Data Science Methods for Clean Energy Research (ChemE 545)
Students will learn the following skills:

  • Basic overview of statistical reasoning and methods including distributions, hypothesis testing and error analysis for multiple data types
  • Basic introduction to data visualization methods
  • Introduction to a wide range of machine learning methods with direct applications for problems in the design, synthesis and characterization of materials for clean energy.
  • Hands on experience with the use of the Python library scikit learn to apply ML methods on real world data sets related to design of materials for energy storage and conversion
  • Basic introduction to data management strategies

The courses emphasize a hands-on learning approach in which class time is often used for problem solving in small groups. The first 7 weeks will teach the skills described above.
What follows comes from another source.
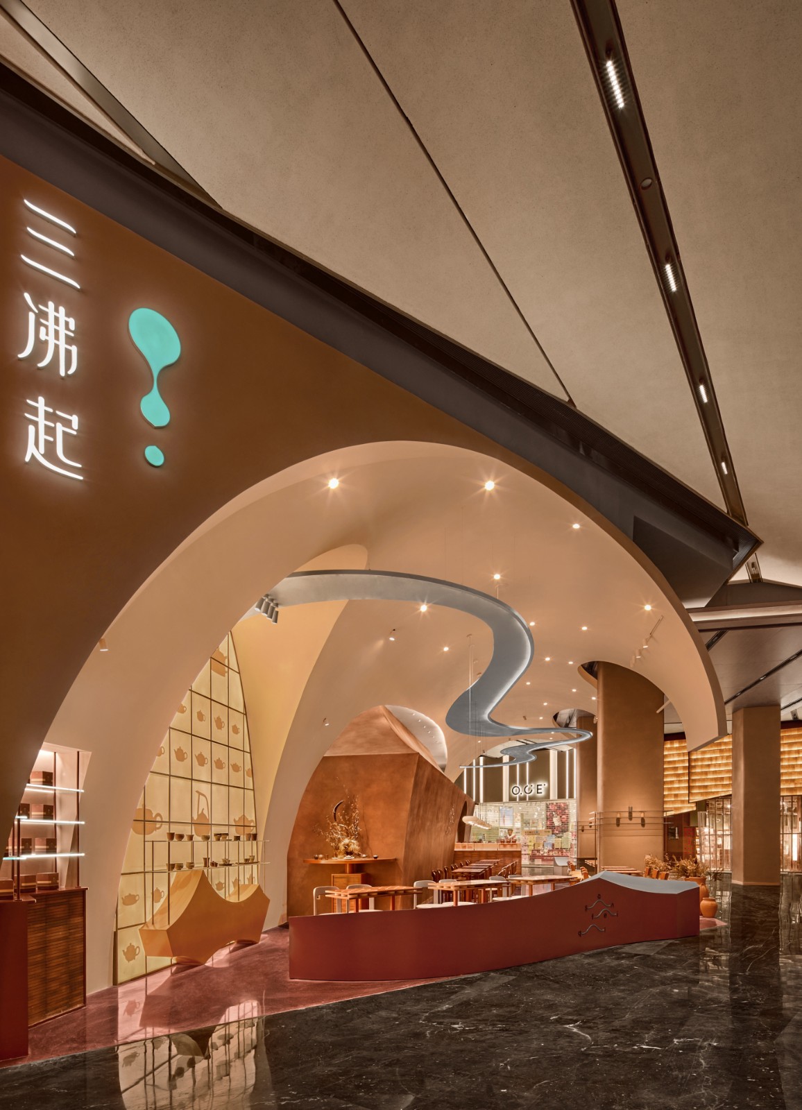 从宜兴龙窑遗址、窑炉、非遗紫砂壶、等在地文化中提取设计灵感,不规则的弧形天花模拟龙窑的形状,吧台则是对窑炉形式的转译,墙面采用紫砂壶剪影,将在地文化融入空间。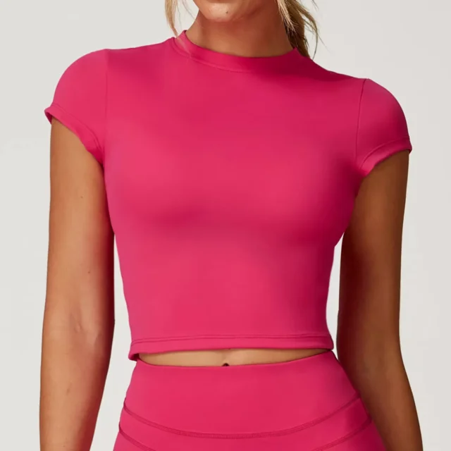 Designed for women who love to stay active, this sports bra top is perfect for every season and every kind of workout. From yoga and pilates to running, cycling, hiking, and even high-intensity training, it offers the right amount of compression and flexibility. Its seamless design gives a sleek, flattering look while ensuring maximum comfort. The short sleeve style makes it easy to layer or wear on its own, giving you a sporty yet stylish vibe.

The remaining three weeks are devoted to the group class project, creating a computational research project designed and executed by student teams in DIRECT.

  • Using the shell (command line): http://swcarpentry.github.io/shell-novice/
  • General Python overview: http://swcarpentry.github.io/python-novice-inflammation/

 

Data Science Option

Thanks to DIRECT, the Data Science Option is now available in select departments. The Science Option is the mechanism by which students get credit on their transcripts for their focus on data science within their majors.